> **Source material**:
************
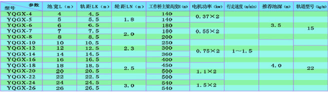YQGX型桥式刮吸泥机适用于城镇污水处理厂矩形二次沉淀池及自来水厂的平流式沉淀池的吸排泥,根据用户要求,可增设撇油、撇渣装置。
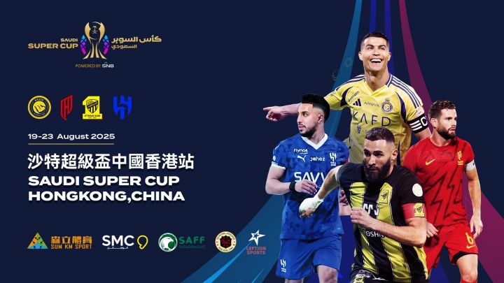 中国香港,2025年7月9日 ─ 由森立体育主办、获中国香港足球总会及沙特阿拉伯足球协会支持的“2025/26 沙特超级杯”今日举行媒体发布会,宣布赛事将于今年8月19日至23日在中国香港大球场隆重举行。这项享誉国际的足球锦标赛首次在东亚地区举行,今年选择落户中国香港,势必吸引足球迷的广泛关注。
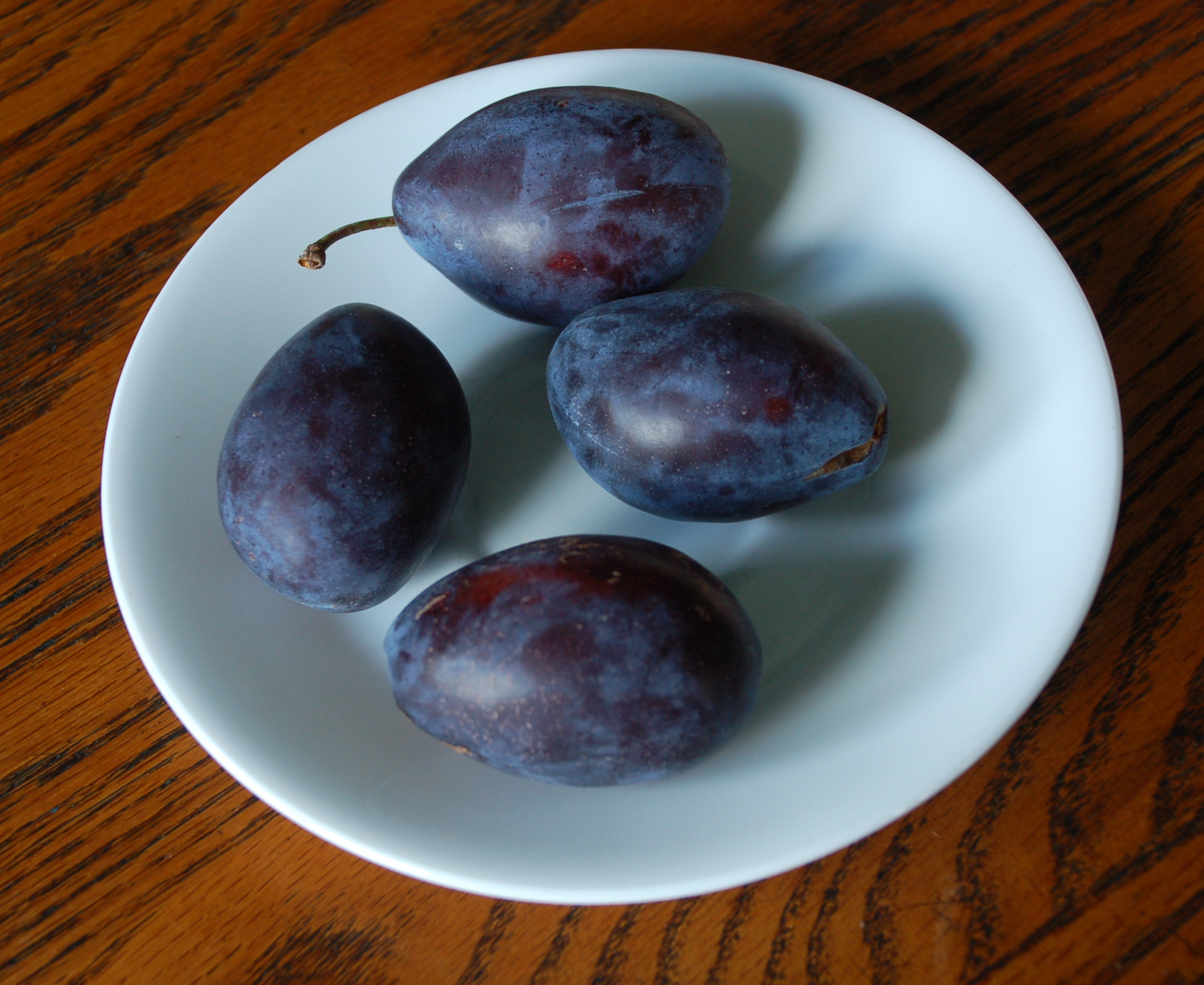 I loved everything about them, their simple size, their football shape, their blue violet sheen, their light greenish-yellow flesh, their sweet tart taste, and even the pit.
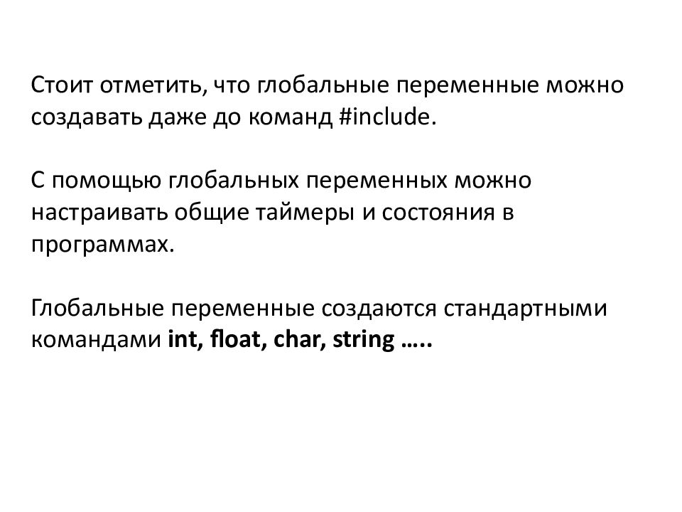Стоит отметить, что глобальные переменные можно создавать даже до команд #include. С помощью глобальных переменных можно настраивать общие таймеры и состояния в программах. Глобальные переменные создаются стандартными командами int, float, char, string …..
************
The data is to be returned exactly as it stands, pictures aside.

> **Response to this task**:
YQGX型桥式刮吸泥机适用于城镇污水处理厂矩形二次沉淀池及自来水厂的平流式沉淀池的吸排泥,根据用户要求,可增设撇油、撇渣装置。
 中国香港,2025年7月9日 ─ 由森立体育主办、获中国香港足球总会及沙特阿拉伯足球协会支持的“2025/26 沙特超级杯”今日举行媒体发布会,宣布赛事将于今年8月19日至23日在中国香港大球场隆重举行。这项享誉国际的足球锦标赛首次在东亚地区举行,今年选择落户中国香港,势必吸引足球迷的广泛关注。
 I loved everything about them, their simple size, their football shape, their blue violet sheen, their light greenish-yellow flesh, their sweet tart taste, and even the pit.
Стоит отметить, что глобальные переменные можно создавать даже до команд #include. С помощью глобальных переменных можно настраивать общие таймеры и состояния в программах. Глобальные переменные создаются стандартными командами int, float, char, string …..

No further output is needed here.